*TASK ITEM*. In the listing below, find the line that contains "미는 <미일남3각군사동맹>체제를 구축·강화했다." and the line that contains "石積み近くで稲を刈るセガミノを着けた五百子さん". Quote both and every line between them, exactly, and nothing more.

*RECORDS SUPPLIED*.
***

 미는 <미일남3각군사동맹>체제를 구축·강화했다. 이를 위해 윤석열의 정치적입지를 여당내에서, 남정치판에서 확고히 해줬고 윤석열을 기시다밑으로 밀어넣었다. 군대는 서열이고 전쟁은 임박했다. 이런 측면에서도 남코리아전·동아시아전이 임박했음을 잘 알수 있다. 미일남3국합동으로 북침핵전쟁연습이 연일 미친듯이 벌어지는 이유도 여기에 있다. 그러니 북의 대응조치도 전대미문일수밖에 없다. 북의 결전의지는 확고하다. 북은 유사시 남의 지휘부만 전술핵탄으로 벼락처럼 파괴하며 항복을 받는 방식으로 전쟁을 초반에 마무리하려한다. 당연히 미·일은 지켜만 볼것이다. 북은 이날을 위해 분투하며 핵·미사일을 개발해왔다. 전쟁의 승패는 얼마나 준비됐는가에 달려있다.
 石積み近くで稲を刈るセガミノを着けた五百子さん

***

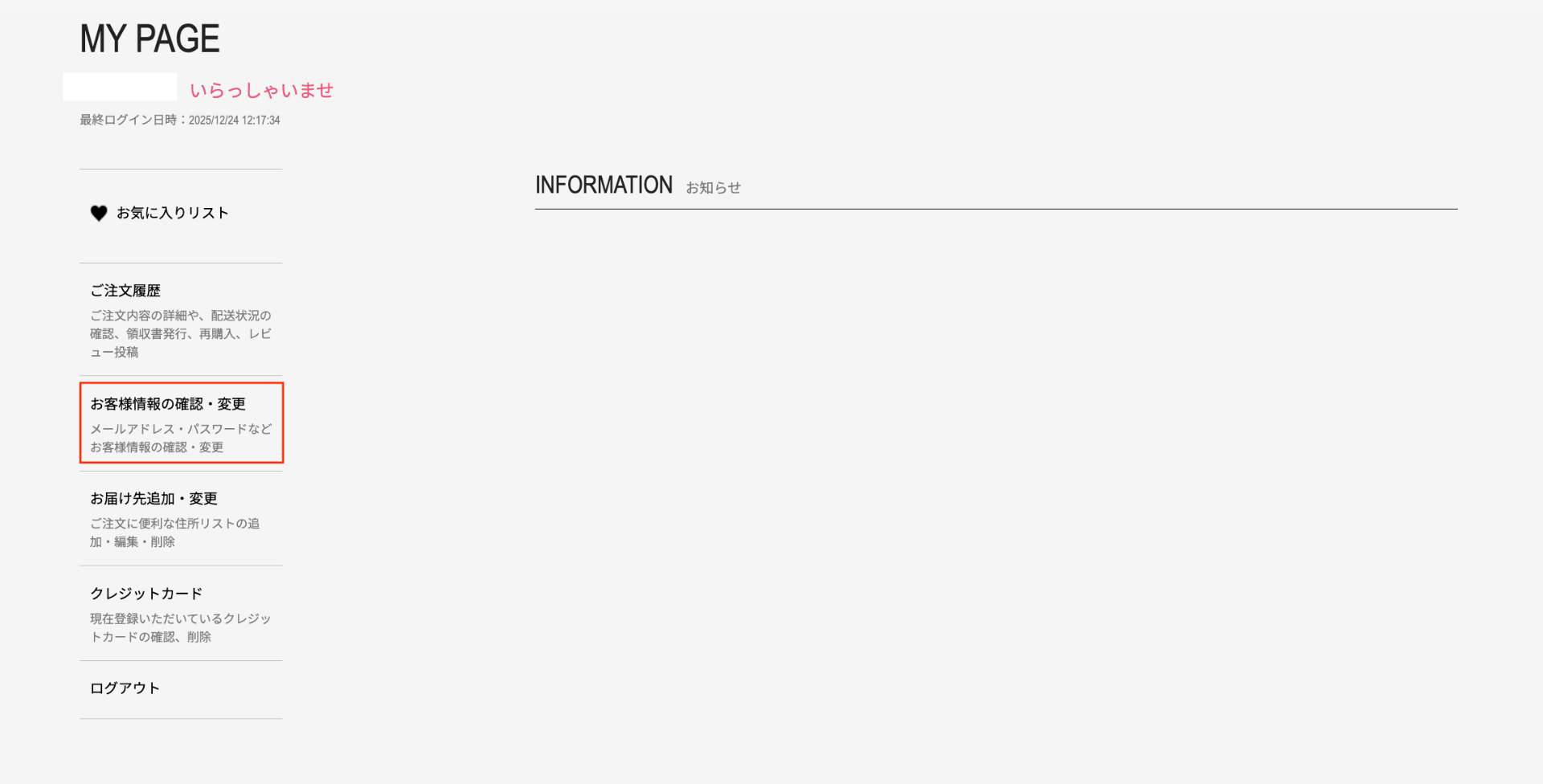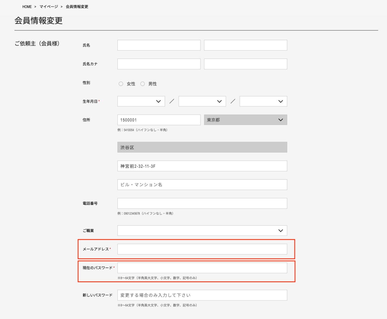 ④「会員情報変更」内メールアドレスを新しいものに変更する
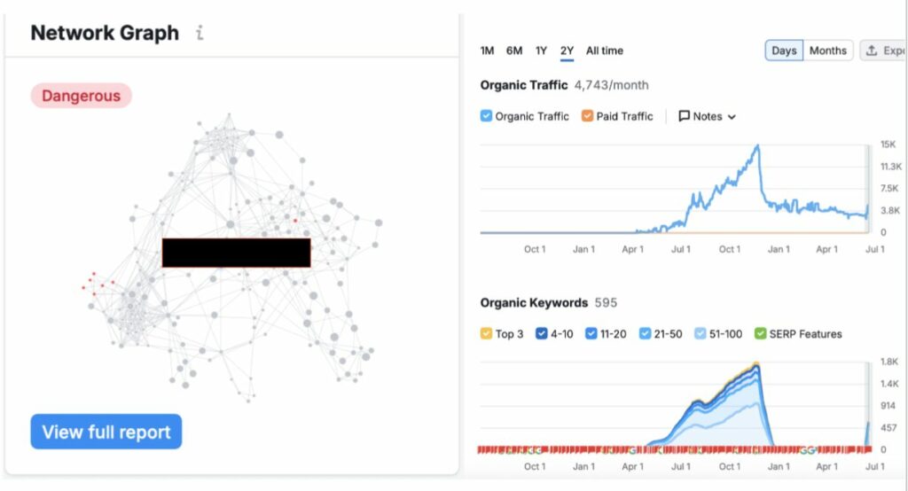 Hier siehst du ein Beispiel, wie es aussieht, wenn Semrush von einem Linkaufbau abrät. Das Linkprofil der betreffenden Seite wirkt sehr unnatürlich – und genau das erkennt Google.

***

*ANSWER*.
 미는 <미일남3각군사동맹>체제를 구축·강화했다. 이를 위해 윤석열의 정치적입지를 여당내에서, 남정치판에서 확고히 해줬고 윤석열을 기시다밑으로 밀어넣었다. 군대는 서열이고 전쟁은 임박했다. 이런 측면에서도 남코리아전·동아시아전이 임박했음을 잘 알수 있다. 미일남3국합동으로 북침핵전쟁연습이 연일 미친듯이 벌어지는 이유도 여기에 있다. 그러니 북의 대응조치도 전대미문일수밖에 없다. 북의 결전의지는 확고하다. 북은 유사시 남의 지휘부만 전술핵탄으로 벼락처럼 파괴하며 항복을 받는 방식으로 전쟁을 초반에 마무리하려한다. 당연히 미·일은 지켜만 볼것이다. 북은 이날을 위해 분투하며 핵·미사일을 개발해왔다. 전쟁의 승패는 얼마나 준비됐는가에 달려있다.
 石積み近くで稲を刈るセガミノを着けた五百子さん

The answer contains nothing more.